> _About this exercise_:
Your answer should be the exact lines of the data below from the one containing "Подготовьте листы лаваша" through the one containing "The second bedroom"; please include nothing else.

#### Excerpted records ####

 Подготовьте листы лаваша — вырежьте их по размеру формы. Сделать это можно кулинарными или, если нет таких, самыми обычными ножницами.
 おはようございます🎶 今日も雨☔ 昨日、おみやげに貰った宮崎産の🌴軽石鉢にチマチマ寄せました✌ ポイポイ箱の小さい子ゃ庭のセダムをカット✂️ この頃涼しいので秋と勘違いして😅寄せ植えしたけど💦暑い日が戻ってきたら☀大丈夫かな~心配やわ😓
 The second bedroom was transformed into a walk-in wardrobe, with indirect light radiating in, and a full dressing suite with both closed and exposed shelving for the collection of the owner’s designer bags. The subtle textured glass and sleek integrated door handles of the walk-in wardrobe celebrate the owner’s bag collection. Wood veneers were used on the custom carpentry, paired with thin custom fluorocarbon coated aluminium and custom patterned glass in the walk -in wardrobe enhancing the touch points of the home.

####
#### Excerpted records ####

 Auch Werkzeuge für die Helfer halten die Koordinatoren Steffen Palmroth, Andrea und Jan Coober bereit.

####

> _Output below_:
 Подготовьте листы лаваша — вырежьте их по размеру формы. Сделать это можно кулинарными или, если нет таких, самыми обычными ножницами.
 おはようございます🎶 今日も雨☔ 昨日、おみやげに貰った宮崎産の🌴軽石鉢にチマチマ寄せました✌ ポイポイ箱の小さい子ゃ庭のセダムをカット✂️ この頃涼しいので秋と勘違いして😅寄せ植えしたけど💦暑い日が戻ってきたら☀大丈夫かな~心配やわ😓
 The second bedroom was transformed into a walk-in wardrobe, with indirect light radiating in, and a full dressing suite with both closed and exposed shelving for the collection of the owner’s designer bags. The subtle textured glass and sleek integrated door handles of the walk-in wardrobe celebrate the owner’s bag collection. Wood veneers were used on the custom carpentry, paired with thin custom fluorocarbon coated aluminium and custom patterned glass in the walk -in wardrobe enhancing the touch points of the home.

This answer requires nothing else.